I’m using: SWI-Prolog version threaded, 64 bits, version 8.4.2

I’m attempting to implement matrices as 2D lists in pure prolog. I want the code to generate a complete set of solutions, in that all possible 2D matrix shapes should be generated/accepted.

But what I’m getting is that I’m able to backtrack on only one of 2 dimensions at a time.

I somewhat understand the trick using length/2, but I’m unable to extend it to 2 dimensions.
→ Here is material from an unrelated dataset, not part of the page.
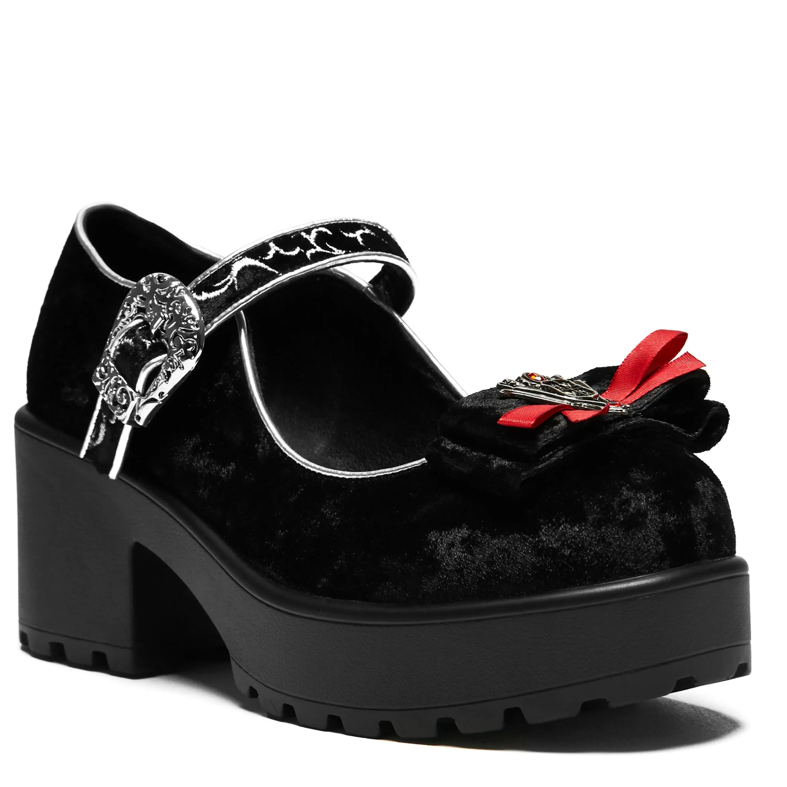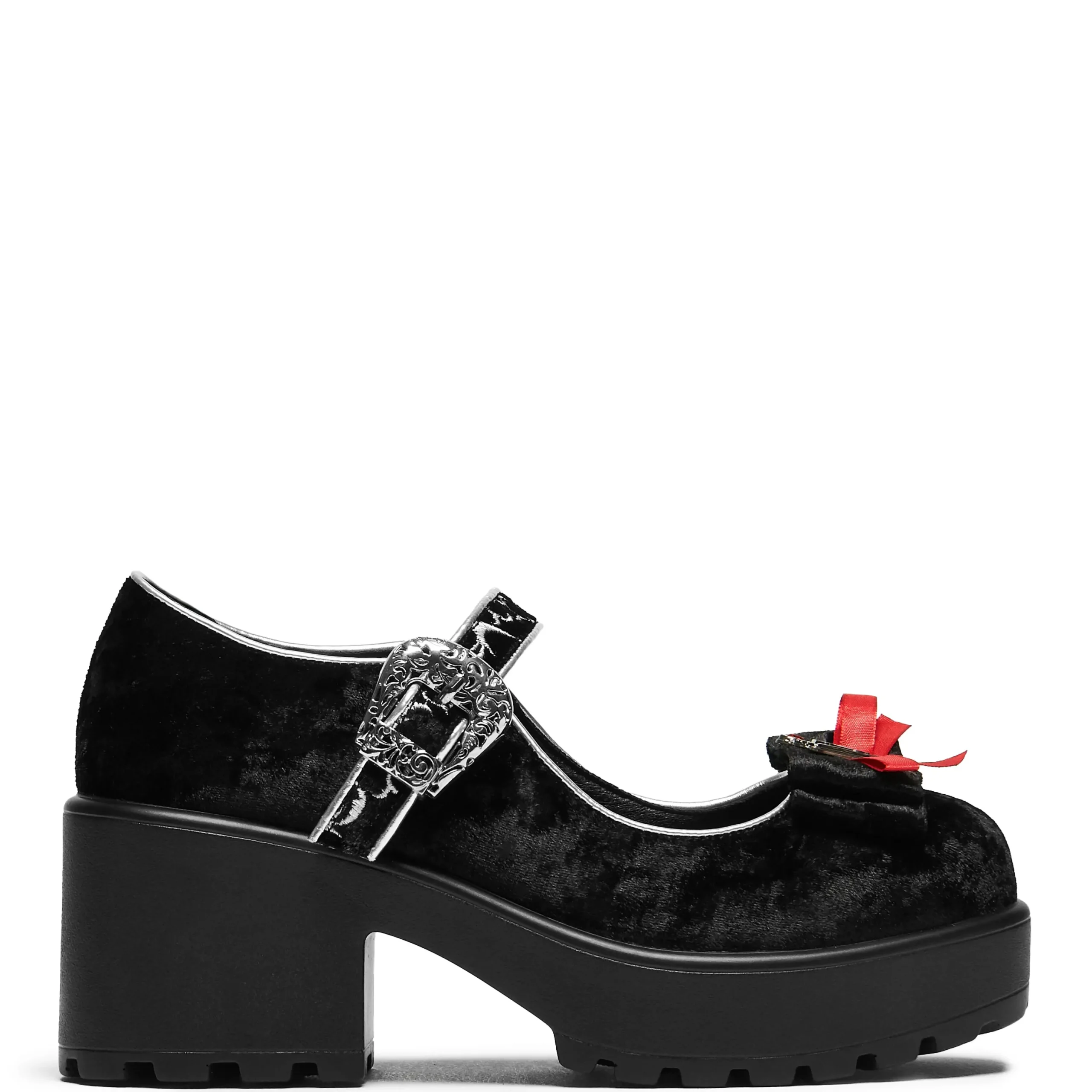 Our classic bestselling mary jane given a luxe Volturi twist. Velvety upper and strap decorated with swirling patterns and edged with silver embroidery. The front adds to the luxury regal aesthetic thanks to the ornate buckle and course, the metal Volturi emblem set with red rhinestones. Perfect dark royalcore vibes, matching the look and colour palette of the Volturi, our mary jane has joined the dark side. (Peep the pun in the name)
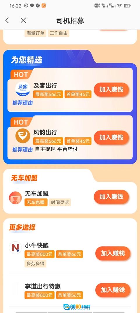 3、选择一个你想要加入的司机平台,点击进入;

I tried using mutually recursive predicates but failed, although it seemed a like a good idea?

My code looks like this, queried as matrix_2D(M). :

:- use_module(library(lists)).
% a vector is a flat list
vector([]).
vector([H|T]) :-
     var(H),!,
     vector(T).
vector([H|T]) :-
     atomic(H),dif(H,[]),
     vector(T).

% a matrix is a list of vectors
matrix_2D([H|T]) :-
     length([H|T],_), %change to length(H,_) for the other dimension
     matrix_2D(T,H).
matrix_2D([],V) :-
     vector(V).
matrix_2D([Th|Tt],H) :-
     same_length(Th,H),
     vector(H),
     matrix_2D(Tt,Th).

I don’t understand what length([H|T],_) should do… seems totally useless, so I’m waiting for someone to explain it better.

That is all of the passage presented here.